**Data for this exercise**.
○ ○ ○
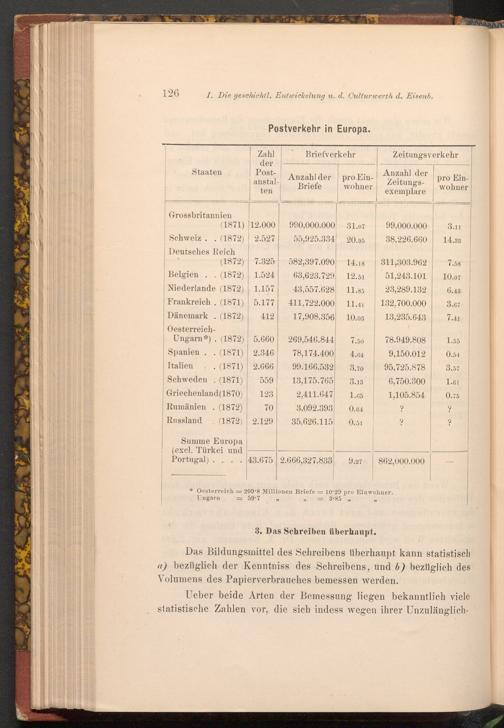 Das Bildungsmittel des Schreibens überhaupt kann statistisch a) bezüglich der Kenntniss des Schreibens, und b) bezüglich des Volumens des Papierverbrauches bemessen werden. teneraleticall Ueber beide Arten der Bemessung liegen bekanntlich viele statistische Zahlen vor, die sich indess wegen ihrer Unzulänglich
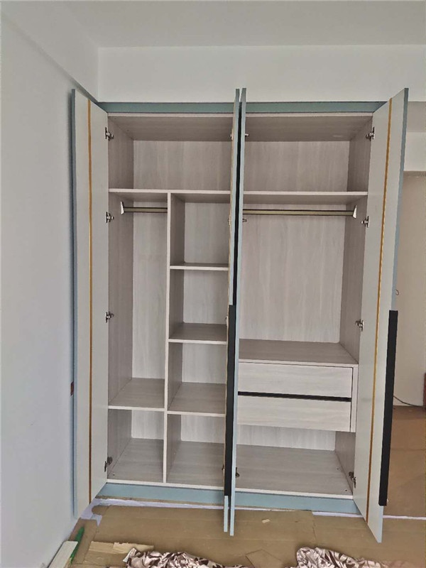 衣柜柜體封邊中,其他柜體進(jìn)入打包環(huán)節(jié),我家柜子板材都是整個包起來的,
○ ○ ○
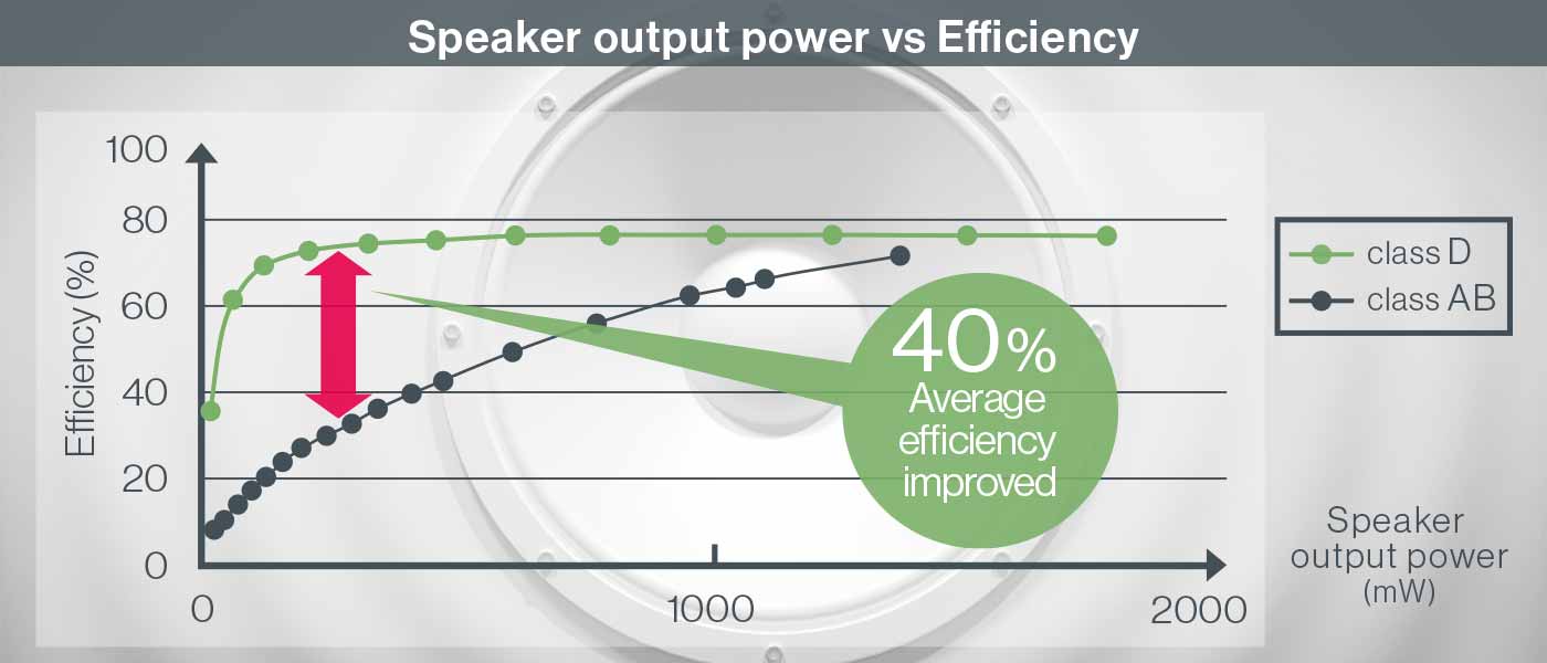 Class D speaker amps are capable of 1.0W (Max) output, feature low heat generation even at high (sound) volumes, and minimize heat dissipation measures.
○ ○ ○
**Directions for this task**.
Produce an exact reproduction of the listing above, limited to the lines starting at the line with "Das Bildungsmittel des" and ending at the line with "衣柜柜體封邊中,其他柜體進(jìn)入打", both kept, with every picture left out.

**Exercise result**.
 Das Bildungsmittel des Schreibens überhaupt kann statistisch a) bezüglich der Kenntniss des Schreibens, und b) bezüglich des Volumens des Papierverbrauches bemessen werden. teneraleticall Ueber beide Arten der Bemessung liegen bekanntlich viele statistische Zahlen vor, die sich indess wegen ihrer Unzulänglich
 衣柜柜體封邊中,其他柜體進(jìn)入打包環(huán)節(jié),我家柜子板材都是整個包起來的,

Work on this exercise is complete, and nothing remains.